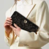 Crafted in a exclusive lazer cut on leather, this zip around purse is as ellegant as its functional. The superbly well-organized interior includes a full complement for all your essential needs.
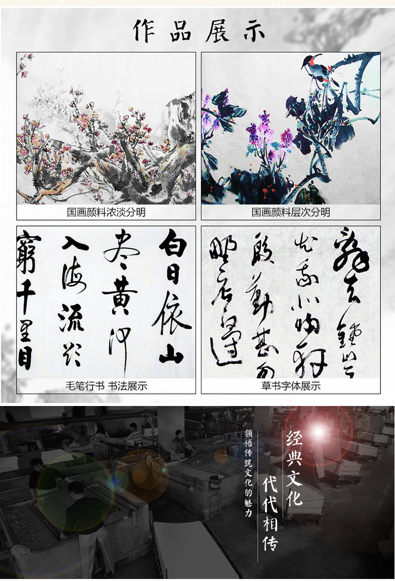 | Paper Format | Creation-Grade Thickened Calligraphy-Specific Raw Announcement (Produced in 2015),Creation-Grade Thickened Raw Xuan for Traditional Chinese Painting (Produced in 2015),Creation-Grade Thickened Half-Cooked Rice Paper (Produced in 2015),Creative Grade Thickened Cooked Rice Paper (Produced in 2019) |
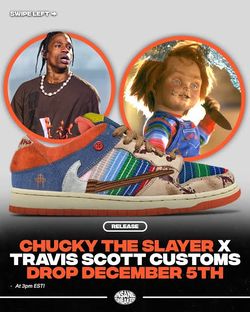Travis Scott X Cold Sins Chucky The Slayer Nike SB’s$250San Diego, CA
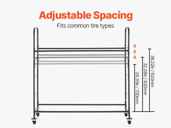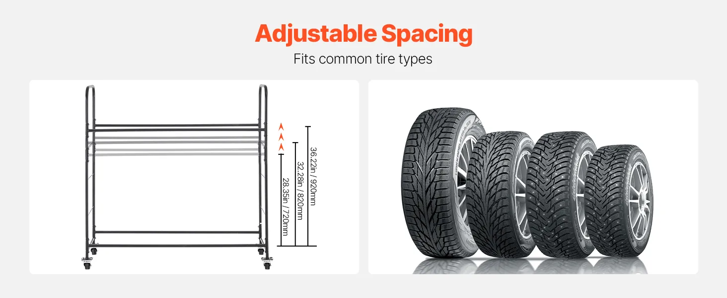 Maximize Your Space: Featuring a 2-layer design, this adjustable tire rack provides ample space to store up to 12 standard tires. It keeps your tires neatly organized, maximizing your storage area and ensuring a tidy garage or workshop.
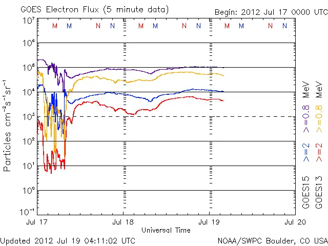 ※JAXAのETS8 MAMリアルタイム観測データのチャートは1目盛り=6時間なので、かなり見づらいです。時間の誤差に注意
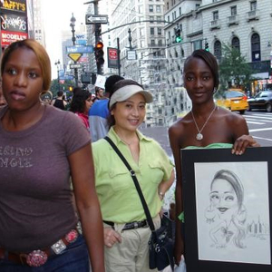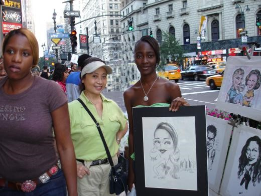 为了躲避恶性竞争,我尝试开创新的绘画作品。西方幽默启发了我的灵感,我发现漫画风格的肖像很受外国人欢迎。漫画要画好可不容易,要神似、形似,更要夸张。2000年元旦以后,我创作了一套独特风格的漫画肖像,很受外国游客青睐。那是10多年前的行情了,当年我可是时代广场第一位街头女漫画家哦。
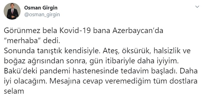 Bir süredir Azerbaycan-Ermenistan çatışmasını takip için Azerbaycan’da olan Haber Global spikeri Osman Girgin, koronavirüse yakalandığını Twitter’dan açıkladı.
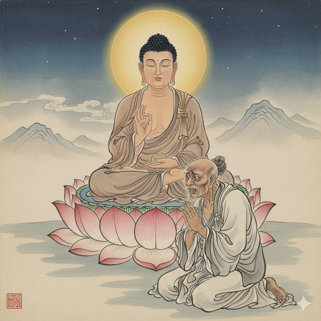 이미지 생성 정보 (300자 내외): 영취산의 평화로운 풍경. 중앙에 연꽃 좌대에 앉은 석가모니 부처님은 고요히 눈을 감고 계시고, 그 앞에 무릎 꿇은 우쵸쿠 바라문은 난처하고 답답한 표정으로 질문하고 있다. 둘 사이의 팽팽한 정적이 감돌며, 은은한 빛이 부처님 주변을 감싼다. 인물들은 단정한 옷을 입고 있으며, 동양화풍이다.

=======

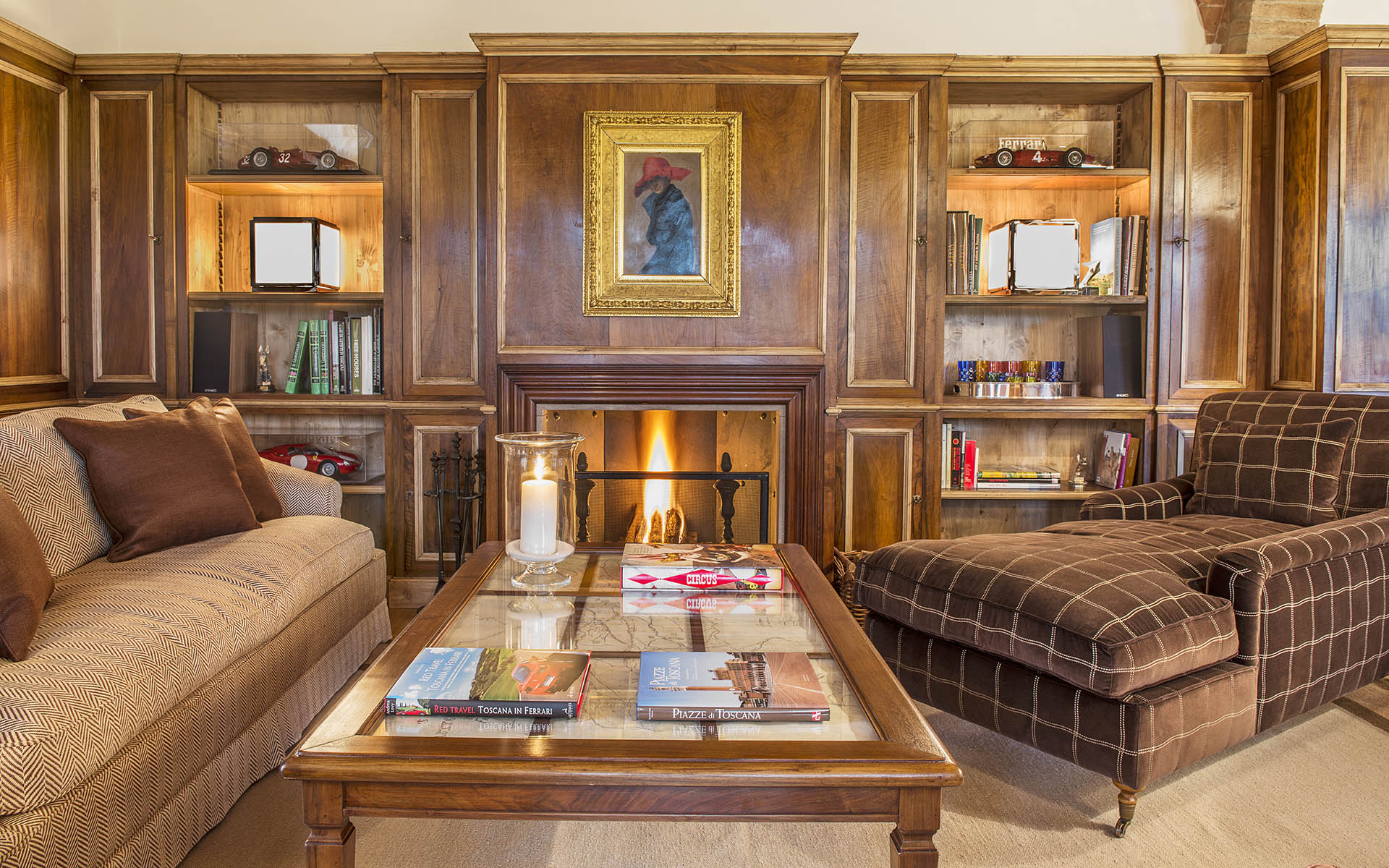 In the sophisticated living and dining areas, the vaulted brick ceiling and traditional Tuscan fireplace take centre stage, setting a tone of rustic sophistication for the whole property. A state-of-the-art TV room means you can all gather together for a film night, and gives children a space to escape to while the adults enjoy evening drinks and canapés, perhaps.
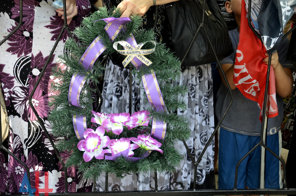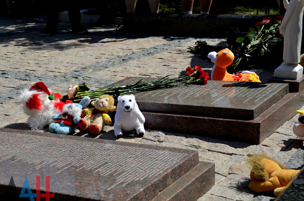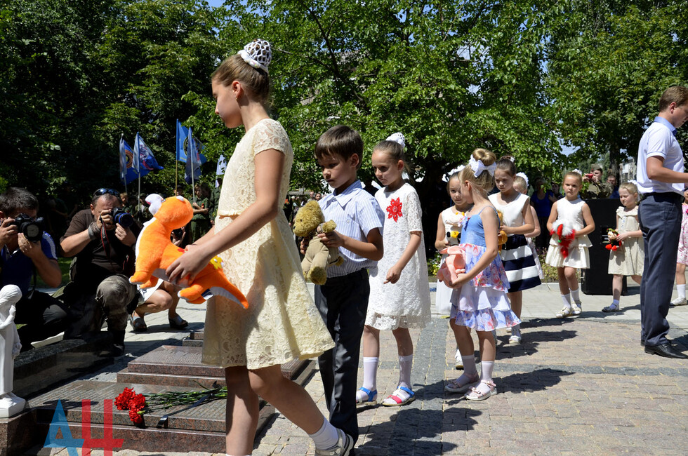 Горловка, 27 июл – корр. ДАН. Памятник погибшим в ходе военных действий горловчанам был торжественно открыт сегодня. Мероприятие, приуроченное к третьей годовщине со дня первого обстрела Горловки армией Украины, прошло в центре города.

=======

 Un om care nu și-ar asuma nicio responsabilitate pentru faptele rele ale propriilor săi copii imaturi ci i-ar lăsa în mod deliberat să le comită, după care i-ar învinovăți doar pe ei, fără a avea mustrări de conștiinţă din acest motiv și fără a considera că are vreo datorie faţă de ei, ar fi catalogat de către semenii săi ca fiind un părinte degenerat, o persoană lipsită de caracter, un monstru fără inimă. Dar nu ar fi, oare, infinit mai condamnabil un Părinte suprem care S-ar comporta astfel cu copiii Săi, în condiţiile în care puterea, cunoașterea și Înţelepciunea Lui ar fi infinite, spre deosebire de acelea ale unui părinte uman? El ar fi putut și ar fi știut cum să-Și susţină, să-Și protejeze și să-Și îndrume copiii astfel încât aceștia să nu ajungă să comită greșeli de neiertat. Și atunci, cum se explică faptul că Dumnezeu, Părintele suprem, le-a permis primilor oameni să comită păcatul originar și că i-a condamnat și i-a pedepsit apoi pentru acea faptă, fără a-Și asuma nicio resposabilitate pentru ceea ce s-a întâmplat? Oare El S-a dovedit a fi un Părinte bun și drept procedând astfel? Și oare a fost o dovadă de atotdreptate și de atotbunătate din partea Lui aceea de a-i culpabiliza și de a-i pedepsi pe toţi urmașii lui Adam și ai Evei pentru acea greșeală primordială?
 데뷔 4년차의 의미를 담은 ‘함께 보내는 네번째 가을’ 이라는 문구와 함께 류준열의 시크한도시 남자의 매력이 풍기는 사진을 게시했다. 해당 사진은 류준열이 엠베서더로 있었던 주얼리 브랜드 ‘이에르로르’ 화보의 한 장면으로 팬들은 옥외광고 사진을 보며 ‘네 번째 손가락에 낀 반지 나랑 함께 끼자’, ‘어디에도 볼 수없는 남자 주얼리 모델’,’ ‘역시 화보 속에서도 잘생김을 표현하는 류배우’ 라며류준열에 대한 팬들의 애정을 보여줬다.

=======

Both the line containing "Crafted in a" and the line containing "이미지 생성 정보 (300자" above belong in the output, as do the lines between them. Print them exactly, without pictures.

 Crafted in a exclusive lazer cut on leather, this zip around purse is as ellegant as its functional. The superbly well-organized interior includes a full complement for all your essential needs.
 | Paper Format | Creation-Grade Thickened Calligraphy-Specific Raw Announcement (Produced in 2015),Creation-Grade Thickened Raw Xuan for Traditional Chinese Painting (Produced in 2015),Creation-Grade Thickened Half-Cooked Rice Paper (Produced in 2015),Creative Grade Thickened Cooked Rice Paper (Produced in 2019) |
Travis Scott X Cold Sins Chucky The Slayer Nike SB’s$250San Diego, CA
 Maximize Your Space: Featuring a 2-layer design, this adjustable tire rack provides ample space to store up to 12 standard tires. It keeps your tires neatly organized, maximizing your storage area and ensuring a tidy garage or workshop.
 ※JAXAのETS8 MAMリアルタイム観測データのチャートは1目盛り=6時間なので、かなり見づらいです。時間の誤差に注意
 为了躲避恶性竞争,我尝试开创新的绘画作品。西方幽默启发了我的灵感,我发现漫画风格的肖像很受外国人欢迎。漫画要画好可不容易,要神似、形似,更要夸张。2000年元旦以后,我创作了一套独特风格的漫画肖像,很受外国游客青睐。那是10多年前的行情了,当年我可是时代广场第一位街头女漫画家哦。
 Bir süredir Azerbaycan-Ermenistan çatışmasını takip için Azerbaycan’da olan Haber Global spikeri Osman Girgin, koronavirüse yakalandığını Twitter’dan açıkladı.
 이미지 생성 정보 (300자 내외): 영취산의 평화로운 풍경. 중앙에 연꽃 좌대에 앉은 석가모니 부처님은 고요히 눈을 감고 계시고, 그 앞에 무릎 꿇은 우쵸쿠 바라문은 난처하고 답답한 표정으로 질문하고 있다. 둘 사이의 팽팽한 정적이 감돌며, 은은한 빛이 부처님 주변을 감싼다. 인물들은 단정한 옷을 입고 있으며, 동양화풍이다.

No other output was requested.